> [Your objective]:
All records below should be repeated exactly, with the pictures left out.

> [Exercise inputs]:
----------------------------------------

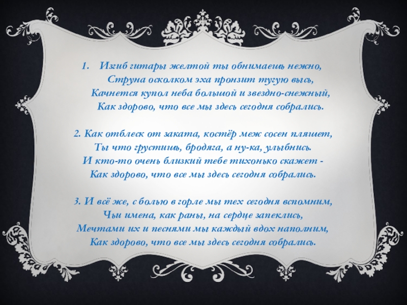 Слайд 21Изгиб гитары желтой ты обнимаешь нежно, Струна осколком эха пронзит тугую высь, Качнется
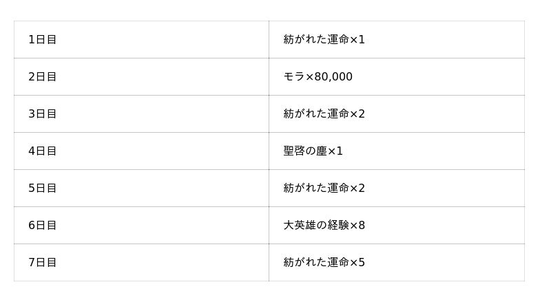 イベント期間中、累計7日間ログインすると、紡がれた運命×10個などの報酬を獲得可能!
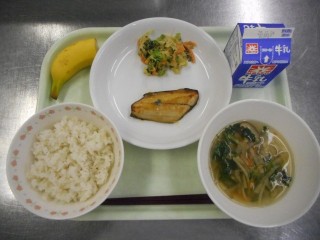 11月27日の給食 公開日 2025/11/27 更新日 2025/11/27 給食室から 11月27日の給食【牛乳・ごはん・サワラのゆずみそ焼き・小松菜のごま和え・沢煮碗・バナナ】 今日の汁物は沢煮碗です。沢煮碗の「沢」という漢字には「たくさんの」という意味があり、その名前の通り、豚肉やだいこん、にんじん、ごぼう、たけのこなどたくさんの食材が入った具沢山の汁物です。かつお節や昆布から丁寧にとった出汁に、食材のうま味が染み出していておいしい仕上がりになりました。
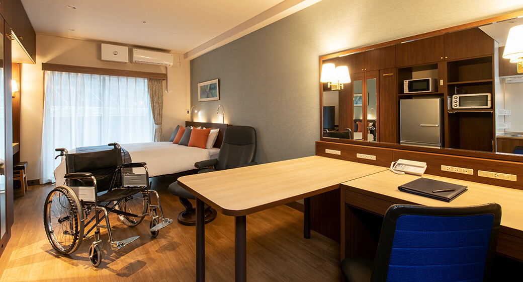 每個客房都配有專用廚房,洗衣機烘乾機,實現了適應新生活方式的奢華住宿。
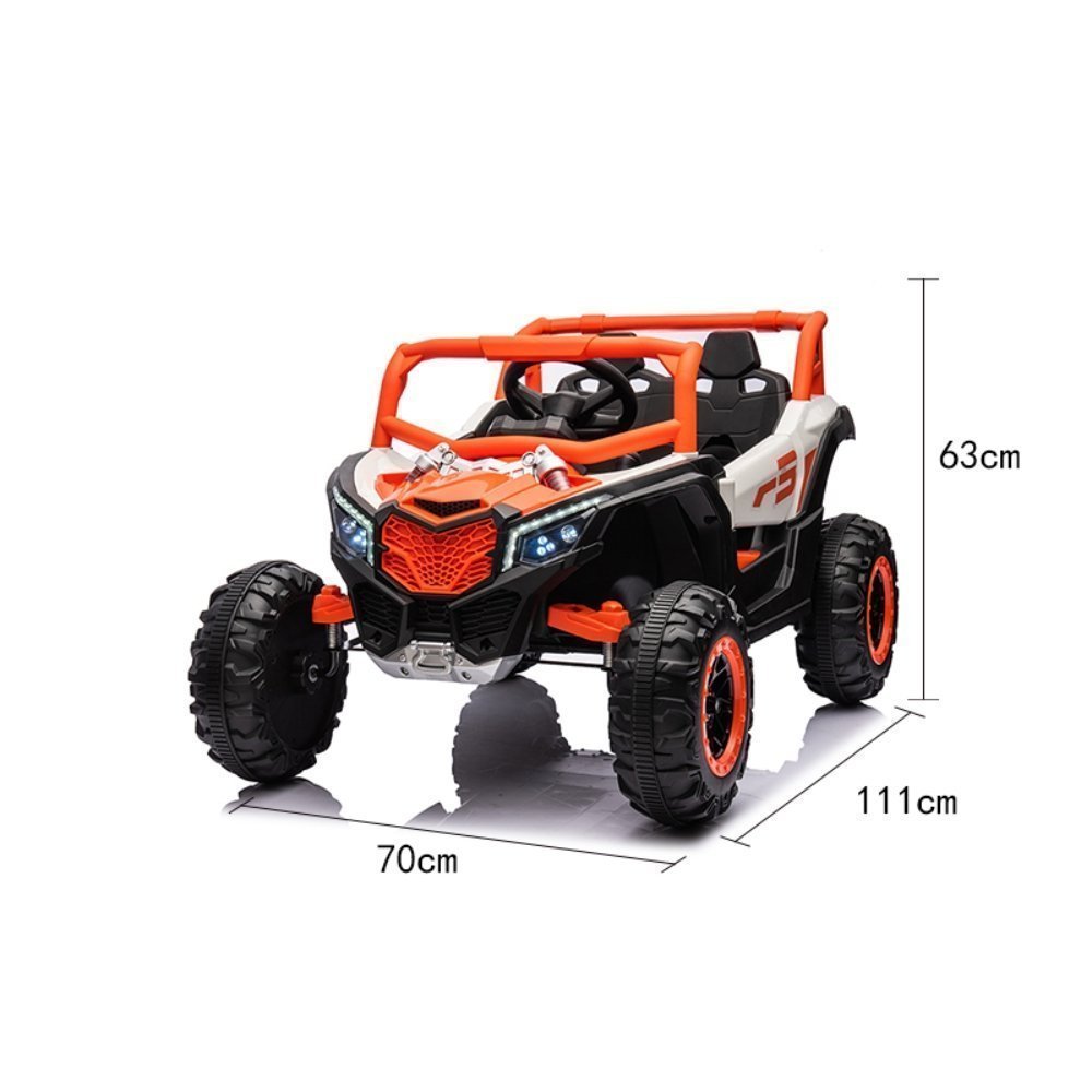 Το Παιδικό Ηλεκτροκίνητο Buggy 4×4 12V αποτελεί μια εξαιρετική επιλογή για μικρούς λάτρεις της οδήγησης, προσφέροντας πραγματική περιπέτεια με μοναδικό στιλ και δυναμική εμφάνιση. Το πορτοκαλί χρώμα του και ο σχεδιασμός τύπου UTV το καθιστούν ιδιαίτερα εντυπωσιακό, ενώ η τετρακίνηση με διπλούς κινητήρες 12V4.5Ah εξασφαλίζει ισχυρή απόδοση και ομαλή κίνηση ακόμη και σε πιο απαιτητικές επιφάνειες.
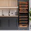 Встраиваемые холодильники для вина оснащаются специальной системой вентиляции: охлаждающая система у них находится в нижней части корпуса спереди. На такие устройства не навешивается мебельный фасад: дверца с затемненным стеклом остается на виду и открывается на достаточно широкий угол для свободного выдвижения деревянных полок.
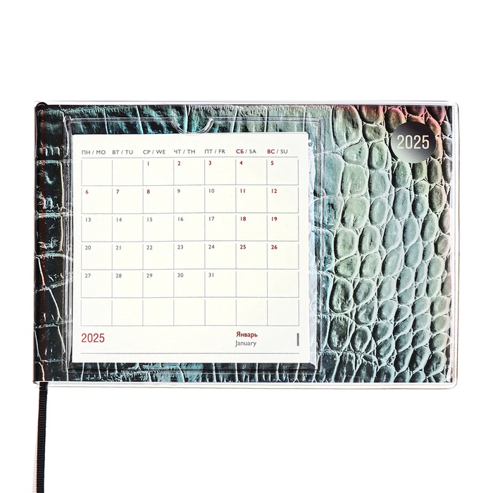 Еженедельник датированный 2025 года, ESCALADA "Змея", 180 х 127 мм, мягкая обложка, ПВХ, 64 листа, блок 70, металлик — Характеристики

----------------------------------------

> [Output for this task]:
 Слайд 21Изгиб гитары желтой ты обнимаешь нежно, Струна осколком эха пронзит тугую высь, Качнется
 イベント期間中、累計7日間ログインすると、紡がれた運命×10個などの報酬を獲得可能!
 11月27日の給食 公開日 2025/11/27 更新日 2025/11/27 給食室から 11月27日の給食【牛乳・ごはん・サワラのゆずみそ焼き・小松菜のごま和え・沢煮碗・バナナ】 今日の汁物は沢煮碗です。沢煮碗の「沢」という漢字には「たくさんの」という意味があり、その名前の通り、豚肉やだいこん、にんじん、ごぼう、たけのこなどたくさんの食材が入った具沢山の汁物です。かつお節や昆布から丁寧にとった出汁に、食材のうま味が染み出していておいしい仕上がりになりました。
 每個客房都配有專用廚房,洗衣機烘乾機,實現了適應新生活方式的奢華住宿。
 Το Παιδικό Ηλεκτροκίνητο Buggy 4×4 12V αποτελεί μια εξαιρετική επιλογή για μικρούς λάτρεις της οδήγησης, προσφέροντας πραγματική περιπέτεια με μοναδικό στιλ και δυναμική εμφάνιση. Το πορτοκαλί χρώμα του και ο σχεδιασμός τύπου UTV το καθιστούν ιδιαίτερα εντυπωσιακό, ενώ η τετρακίνηση με διπλούς κινητήρες 12V4.5Ah εξασφαλίζει ισχυρή απόδοση και ομαλή κίνηση ακόμη και σε πιο απαιτητικές επιφάνειες.
 Встраиваемые холодильники для вина оснащаются специальной системой вентиляции: охлаждающая система у них находится в нижней части корпуса спереди. На такие устройства не навешивается мебельный фасад: дверца с затемненным стеклом остается на виду и открывается на достаточно широкий угол для свободного выдвижения деревянных полок.
 Еженедельник датированный 2025 года, ESCALADA "Змея", 180 х 127 мм, мягкая обложка, ПВХ, 64 листа, блок 70, металлик — Характеристики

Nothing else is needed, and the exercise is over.